* [YOUR GOAL] Leave the images out and repeat the data exactly as given.

* [INFORMATION SUPPLIED]
* * * * * * *

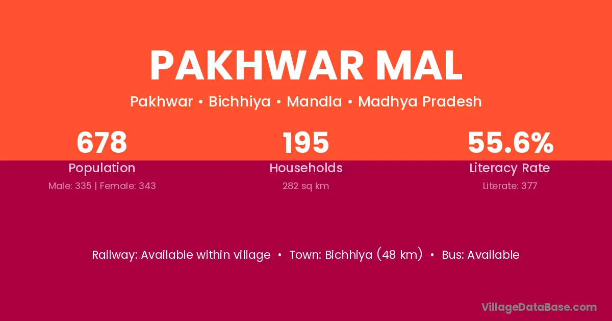 Bichhiya (48 km) is the nearest town to Pakhwar Mal village for major economic activities and is located approximately 48 km away.
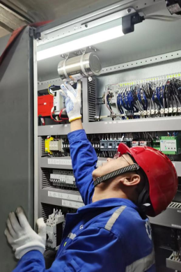内蒙邓家梁风电场针对齿轮箱高温问题,组织技术骨干进行自主研究,积极开展齿轮箱散热系统技改,高效完成电气接线连接及检查安装质量工作。
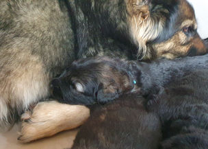 Mustang le papa se fait toujours discret, il ose une visite furtive de temps à autre, quant à Mzlle Shaya il lui tarde de pouvoir mettre sa patte à la tâche. Tous les deux ont pu sentir les bébés avec une bouille toute émerveillée !
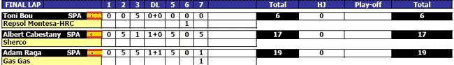 El piloto del equipo Repsol Montesa-HRC volvió a realizar una actuación sensacional que le permitió superar con cierta claridad a sus rivales en la final, Albert Cabestany y Adam Raga, segundo y tercero respectivamente y separados por dos puntos de diferencia.

* * * * * * *

* [FINISHED EXERCISE]
 Bichhiya (48 km) is the nearest town to Pakhwar Mal village for major economic activities and is located approximately 48 km away.
内蒙邓家梁风电场针对齿轮箱高温问题,组织技术骨干进行自主研究,积极开展齿轮箱散热系统技改,高效完成电气接线连接及检查安装质量工作。
 Mustang le papa se fait toujours discret, il ose une visite furtive de temps à autre, quant à Mzlle Shaya il lui tarde de pouvoir mettre sa patte à la tâche. Tous les deux ont pu sentir les bébés avec une bouille toute émerveillée !
 El piloto del equipo Repsol Montesa-HRC volvió a realizar una actuación sensacional que le permitió superar con cierta claridad a sus rivales en la final, Albert Cabestany y Adam Raga, segundo y tercero respectivamente y separados por dos puntos de diferencia.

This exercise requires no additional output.